= Lilit Manukyan =

Armenian game show contestant

Lilit Manukyan (Լիլիթ Մանուկյան; born 1979) is an Armenian game show contestant in Spain. In 2014, she became the first foreigner and first non-native Spanish speaker to win the vocabulary-based show Pasapalabra, taking a jackpot of €318,000. From 2020 to 2026, she was a "Chaser" on El cazador, Spain's version of The Chase.

==Early and personal life==
Manukyan was born in Yerevan in Armenia, and lived in Russia between the ages of 16 and 28. In Russia, she graduated with a degree in foreign business and worked in several companies. She then moved to Spain, choosing the country due to having a cousin there and not perceiving it to be hostile to immigrants.

Manukyan had taken only a few classes in Spanish before arriving in the country in June 2007, and began working as a babysitter or car washer, making far less than €1,000 per month. As of 2022, Manukyan was married and had a daughter, and was employed as a commercial operator coordinator at a Renfe train station in Valencia.

==Game shows==
Manukyan, who was already a fan of television game shows, began watching Saber y ganar and Pasapalabra in Spain. When she discovered she knew the answers to ten of the questions on the latter's rosco final, she began training to win it, using an online forum to learn from a former jackpot winner. Believing that winning Pasapalabra was more economically viable than her work at the time, she studied six hours a day for the show. Manukyan said in 2022 that her ability in the Spanish language was not perfect, particularly on grammar, but that Pasapalabra only required knowledge of definitions.

Manukyan began competing on Pasapalabra in December 2012. After 37 shows, on 21 November 2014, she won €318,000, becoming the first foreigner and first non-native speaker of Spanish to win the jackpot on the vocabulary-based show. She lasted 85 episodes on the show. Manukyan's jackpot and number of episodes were both the second-most for a female contestant on the show, behind fellow future cazadora Paz Herrera. In September 2017, to mark the show's tenth year on Telecinco, Manukyan took part in a Supercopa, finishing runner-up to fellow future cazador David Leo and taking €25,000.

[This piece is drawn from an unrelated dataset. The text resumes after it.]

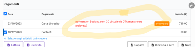 Preleva ora (tasto nella sezione Pagamenti all'interno della prenotazione) |
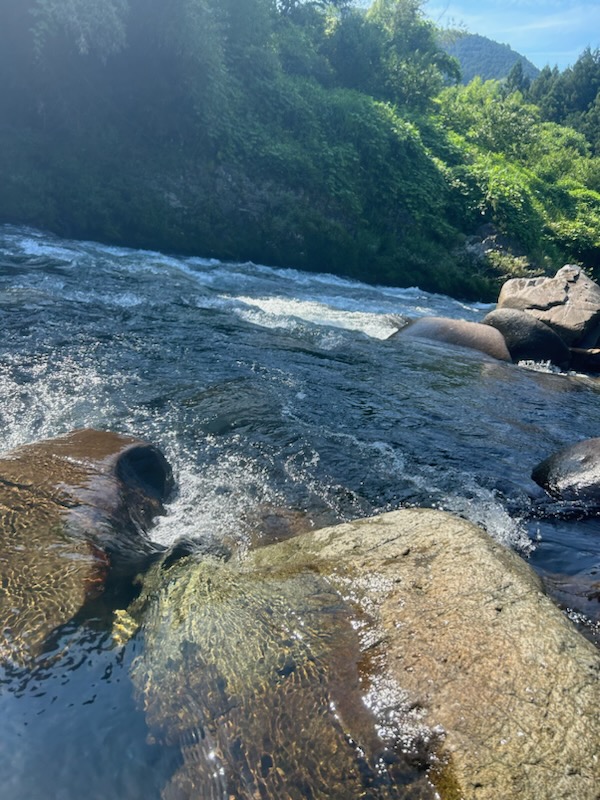 激しい当たりで良型の鮎が掛かりました。そしてその子をつけて、さらに流れの激しい所に誘導すると・・・

After Pasapalabra, Manukyan also competed on Atrapa un millón, the Spanish version of The Million Pound Drop on Antena 3; and 15 episodes of Saber y ganar on La 2.

In December 2019, Manukyan was announced as one of four game show veterans to be cazadores on El cazador, the Spanish adaptation for La 1 of British game show The Chase. She combined the role with her job in Valencia. Manukyan had to study general knowledge for the role, with her weaknesses being football and modern music.